Может быть, он не на то ставил, увлекшись достоинствами объекта, или, лучше сказать, его качественной стороной, а надо было уделять больше внимания почве – благодатной и соответствующим образом подготовленной. Может быть, он напрасно считал, что согласие должно последовать в ответ на предложение, а на самом деле оно должно было ему предшествовать. А может, сама идея получения согласия была неверна: скорее, нужна была добрая воля, даже желание, при этом, вне всякого сомнения, неосознанное, но вполне действенное, и источником его должны быть не только непорочность и самоотречение, но и вся эта генеалогическая кухня. В конце концов, если и нельзя обойтись без свободы воли, то это ведь скорее вопрос веры, а не выбора. Зачатие Бога человеком не может быть делом одного поколения, каким бы достойным оно ни было.
|
Он подумал, что, возможно, недооценил момент длительности в Божьем замысле. То, что он искал, должно было явиться ему не кратковременной вспышкой сиюминутного «да», но медленным огнем любви, вынашиваемой долго‑долго, от пращуров к правнукам, на протяжении столетий.
Он раскрыл досье и поморщился.
На память ему пришла индийская принцесса, с которой они так хорошо понимали друг друга. Какая величественная красота! Какая интуиция в постижении неожиданных глубин мира! Какое чувство вездесущности Господа! А ее готовность заживо сгореть на погребальном костре обещанного ей старого супруга показывала, что она не чужда жертвенности. Увы, самая мысль о том, что Бог может быть конкретной личностью, возмутила ее, а он не стал настаивать. А жаль. Жаль ему было и весталки Лавинии. Дочь народа, испещрившего мир дорогами, по которым Благая Весть быстро разнесется по свету, она поклялась оставаться непорочной в течение долгих тридцати лет и согласилась быть заживо погребенной в случае, если нарушит клятву. Она поддерживала священный огонь у Палладиума с твердым сознанием, что совершает святое дело. Он почти не сомневался, что хранительница священного огня, зажженного в центре мира, может стать Матерью Господа, однако та с негодованием отвергла возможность заменить всех богов одним, сочтя такое утверждение отвратительным и нелепым.
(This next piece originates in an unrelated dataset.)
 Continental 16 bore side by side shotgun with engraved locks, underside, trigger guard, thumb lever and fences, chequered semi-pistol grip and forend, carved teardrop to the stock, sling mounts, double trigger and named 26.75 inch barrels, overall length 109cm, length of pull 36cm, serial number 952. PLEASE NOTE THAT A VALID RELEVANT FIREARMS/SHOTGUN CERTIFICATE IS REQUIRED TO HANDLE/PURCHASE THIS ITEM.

Так есть ли вероятность, что он найдет, что искал, у немногочисленного воинственного народа, бывшего в рабстве то у египтян, то у вавилонян, предающего мечу соседей только за то, что ему приглянулись их земли, похваляющегося в своих священных книгах своей богоизбранностью и утверждающего, что все, что он делает, совершается по воле того самого Бога, чьих пророков он систематически истребляет? Вероятно ли, что Матерь Божья будет рождена народом, у которого бытует многобрачие и где отцы, выдавая дочерей замуж, требуют в качестве уплаты сто крайних плотей своих врагов?
|
И все же…
Он еще раз на одном дыхании перечел все их священные книги со скоростью, с которой могут читать лишь ангелы. Пред очами его вставали все новые и новые картины.
Когда Господь создавал первую женщину, как рассказывается о том в этих самых книгах, не думал ли он при каждом движении своих искусных рук, что создает прабабку своей будущей Матери, и не потому ли пообещал он ей победу над змеем? При мысли о Боге, творящем собственную мать, он умилился и стал видеть все яснее: так бывает, когда рассеиваются облака, открывая понемногу звездное небо.
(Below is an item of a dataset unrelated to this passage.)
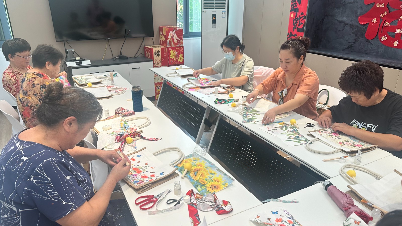 DIY环节,居民们瞬间化身为“设计师”,充分发挥自己的想象力和创造力。有的参照老师提供的卡通图案、花卉模板进行临摹;有的则自由创作,将心中的美好景象描绘在布袋上。大家时而低头专注勾勒,时而相互交流心得,活动现场充满了欢声笑语,气氛温馨而热烈。

Он перечитал легенду о плавающем ковчеге, на котором спаслись мужчина, женщина и животные, и подумалось ему, что и тут присутствует образ Матери Божьей.
Он прочел рассказ о горящей любовью Неопалимой Купине, пламя которой не угаснет до скончания веков, и снова увидел образ Матери Божьей. Он прочел сказание о море, приоткрывшем свою пучину, чтобы пропустить святой народ, и опять привиделся ему образ Матери Божьей.
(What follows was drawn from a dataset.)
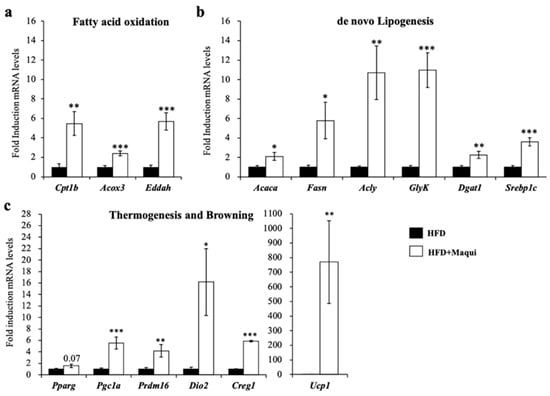 Maqui induces the expression of genes from de novo lipogenesis, fatty acid oxidation, thermogenesis/browning in scWAT. The relative mRNA levels of characteristic genes of (a) mitochondrial and peroxisomal FAO (Cpt1b, Acox3, and Ehhadh), (b) DNL (Acaca, Acly, Fasn, GlyK, Dgat1 and Srebp1c) and (c) thermogenesis and browning (Ucp1, Type 2 Iodothyronine Deiodinase (Dio2), PR-Domain Zinc Finger Protein 16 (Prdm16), Peroxisome proliferator-activated receptor gamma (Pparg), Peroxisome proliferator-activated receptor gamma coactivator 1 alpha (Pgc1a) and Cellular repressor of adenovirus early region 1A–stimulated genes 1 (CREG1)) were measured using qRT-PCR in scWAT of HFD and HFDM mice. Bars represent the fold induction in the mRNA levels versus the HFD animals that are considered the control group, which produces an arbitrary value of 1. Data are presented as the mean ± SEM. * p < 0.05, ** p < 0.01, *** p < 0.001 versus the HFD group.

Он перечел историю Храма, выстроенного людьми, чтобы вместить Того, Кого ничто вместить не может, и понял, что и это – образ Матери Божьей. И наконец, прочел он обо всех явлениях Славы Божьей: и в светящемся облаке над ковчегом Завета, осенившем гору Синай и бывшем «пред глазами сынов Израилевых как огонь поядающий», и в свете, залившем лицо Моисея, и в дуновении, коснувшемся щек Илии, и в колеснице, увиденной Иезекиилем, – во всем он видел образ Матери Божьей.
Тогда он раскрыл последнее досье.
* * *
Отец – Иоахим. В возрасте. Богат. Царского рода, из дома Давидова. Набожен и благочестив. Приносит Господу двойные жертвы. По положению своему должен быть первым из первых. Однако завистники укоряют его: «Не можешь ты быть первым из первых, ибо не дал ты потомства Израилю!»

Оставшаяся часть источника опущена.